_THE PROBLEM_
Retype only the lines from the top of the records to the line with "Las vocales representantes", including that line but none of the pictures.

··· TASK MATERIAL ···

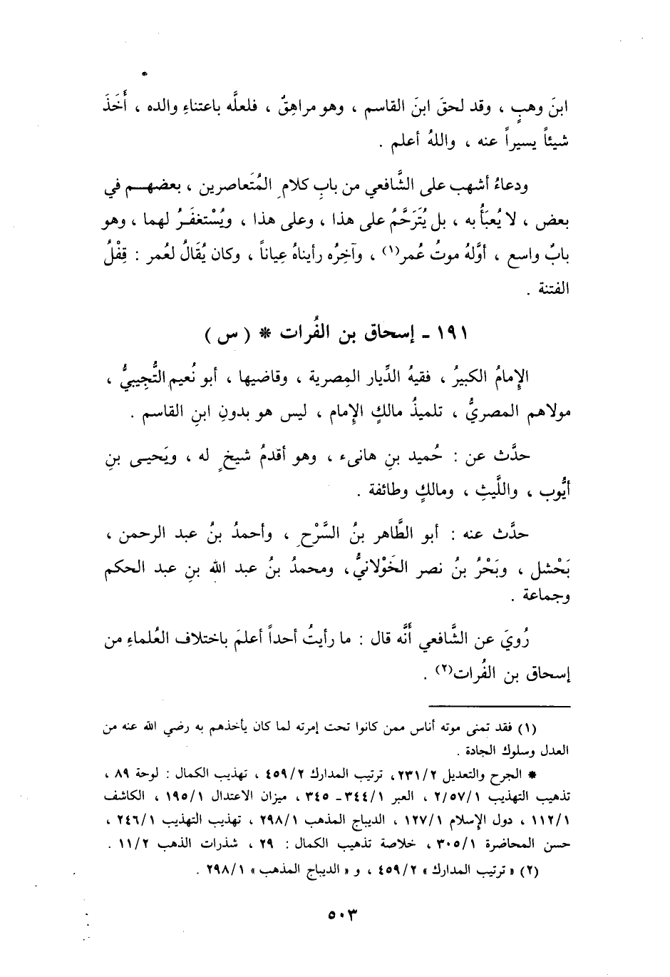 191 - إِسْحَاقُ بنُ الفُرَاتِ أَبُو نُعَيْمٍ التُّجِيْبِيُّ * (س)
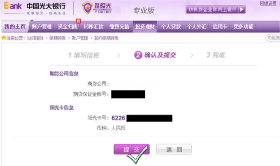 5、在期货公司中,选择“安粮期货”,输入期货资金账号和银行卡密码,点击“下一步”,再次确认期货公司名称和期货资金账户,并点击提交
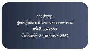 เมื่อ 2 ก.พ. 69 เวลา 09.00 น. พ.ต.อ.วิศาลพงศ์ สร้อยกุลบดี รอง ผบก.ตชด.ภาค 3 พร้อมด้วย เจ้าหน้าที่ที่เกี่ยวข้อง เข้าร่วมประชุมทางไกล ศปก.ตร. โดยมี พล.ต.ท.ศิลปคมณ์ เอี่ยมวงศ์ ผบช.ประจำ สง.ผบ.ตร. เป็นประธาน ณ ห้องประชุม ศปก.ตชด.ภาค 3
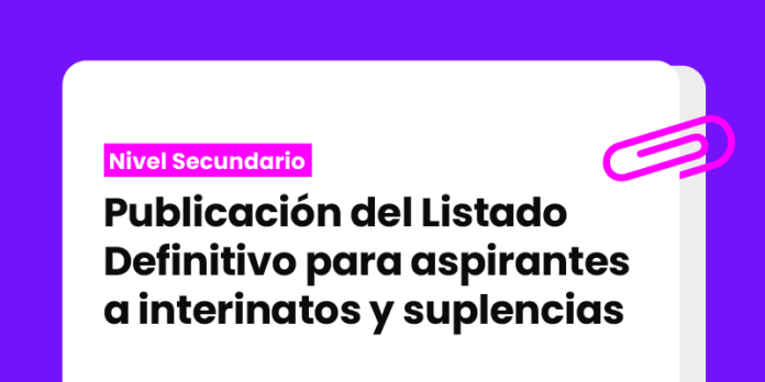 Las vocales representantes del SUTEF en la Junta de Clasificación y Disciplina del Nivel Secundario informan que en el transcurso del día 2 de marzo del 2026 se realizará la publicación del listado definitivo para aspirantes a Interinatos y Suplencias Ciclo Lectivo 2026, ingresando en el siguiente enlace:
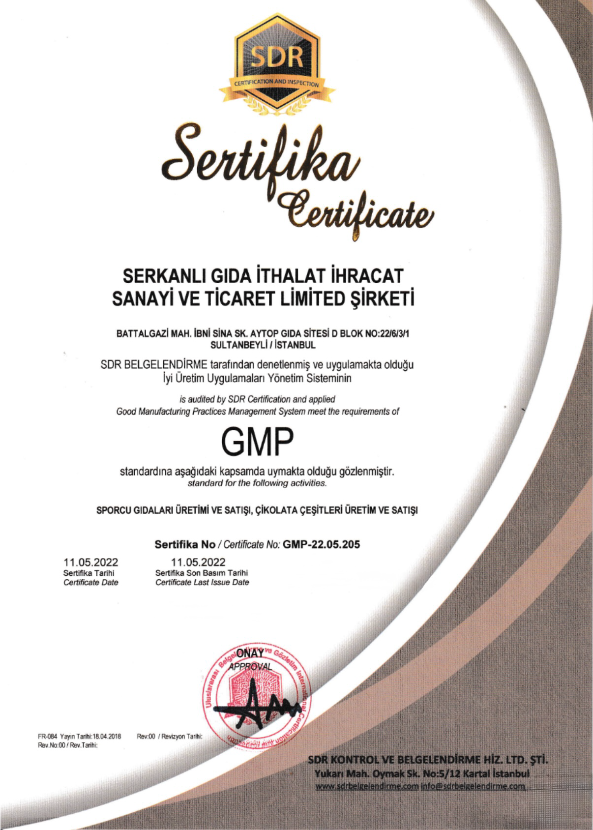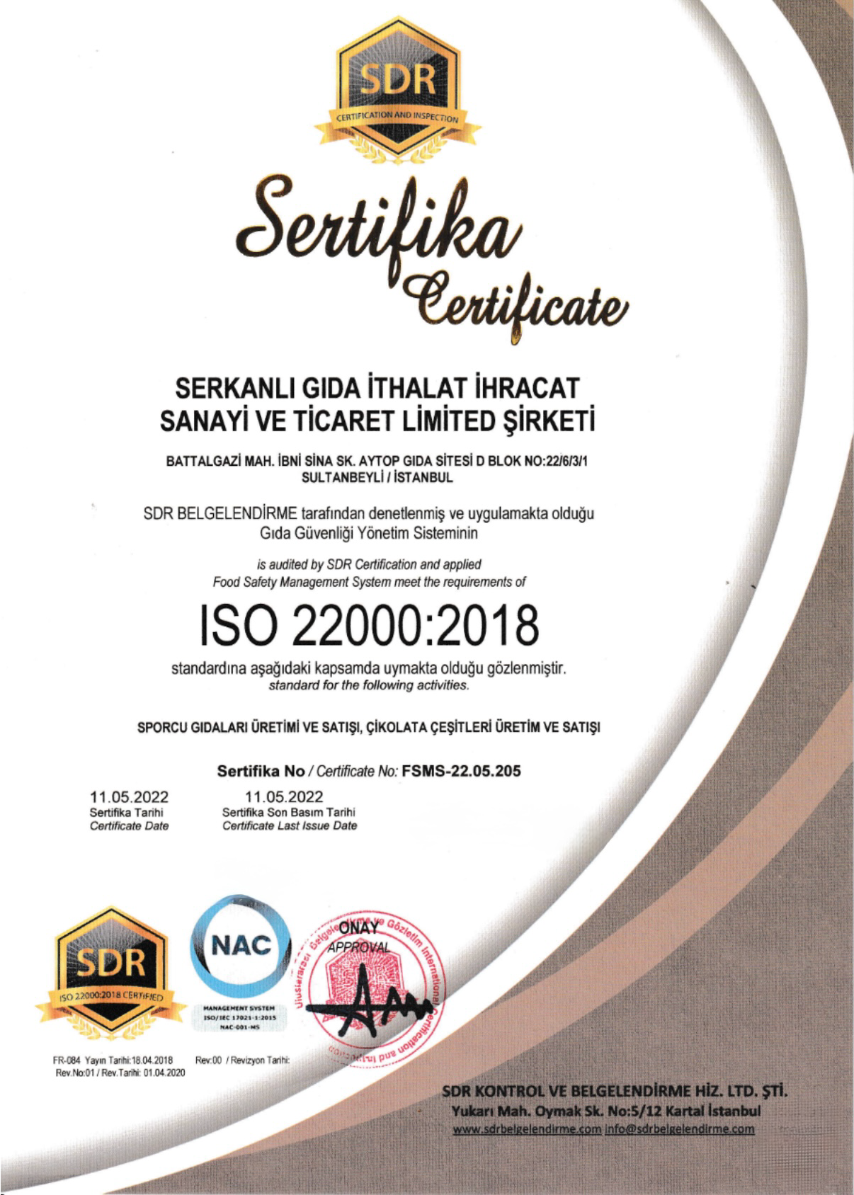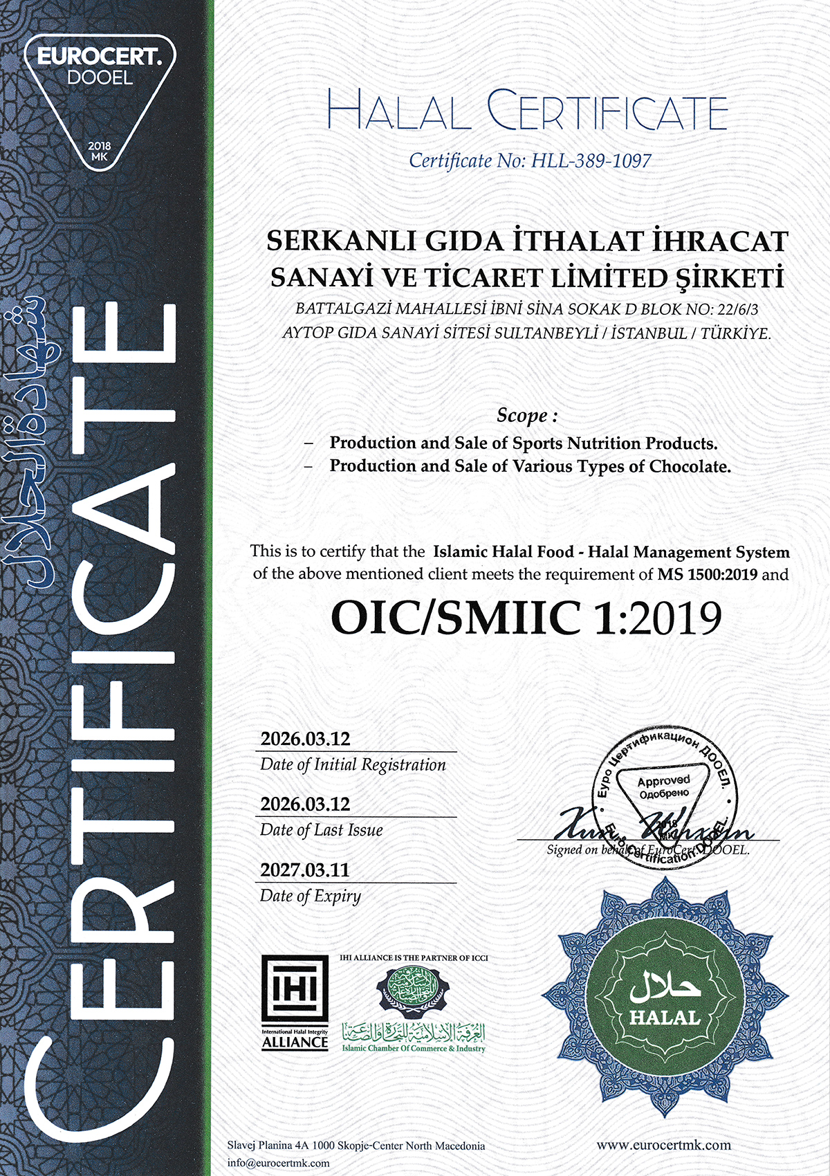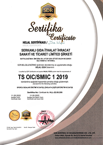 Ronic Nutrition dünyanın en güvenilir Denetleme Kurumu olan SDR (Certification and Inspection) sertifikalandırma kurumu tarafından TS OIC/SMIIC 1 2019 "Helal Sporcu Gıdası Markası" olarak belgelendirilmiş ve ISO22000:2018 Gıda Güvenliği Sistemi ile de üretimin her aşamasında kontrol ve kalite onayı verilerek yüksek kalite standartlarında bir Türkiye markası olarak tescillenmiştir.

···

_RESULT OF THIS EXERCISE_
 191 - إِسْحَاقُ بنُ الفُرَاتِ أَبُو نُعَيْمٍ التُّجِيْبِيُّ * (س)
 5、在期货公司中,选择“安粮期货”,输入期货资金账号和银行卡密码,点击“下一步”,再次确认期货公司名称和期货资金账户,并点击提交
 เมื่อ 2 ก.พ. 69 เวลา 09.00 น. พ.ต.อ.วิศาลพงศ์ สร้อยกุลบดี รอง ผบก.ตชด.ภาค 3 พร้อมด้วย เจ้าหน้าที่ที่เกี่ยวข้อง เข้าร่วมประชุมทางไกล ศปก.ตร. โดยมี พล.ต.ท.ศิลปคมณ์ เอี่ยมวงศ์ ผบช.ประจำ สง.ผบ.ตร. เป็นประธาน ณ ห้องประชุม ศปก.ตชด.ภาค 3
 Las vocales representantes del SUTEF en la Junta de Clasificación y Disciplina del Nivel Secundario informan que en el transcurso del día 2 de marzo del 2026 se realizará la publicación del listado definitivo para aspirantes a Interinatos y Suplencias Ciclo Lectivo 2026, ingresando en el siguiente enlace:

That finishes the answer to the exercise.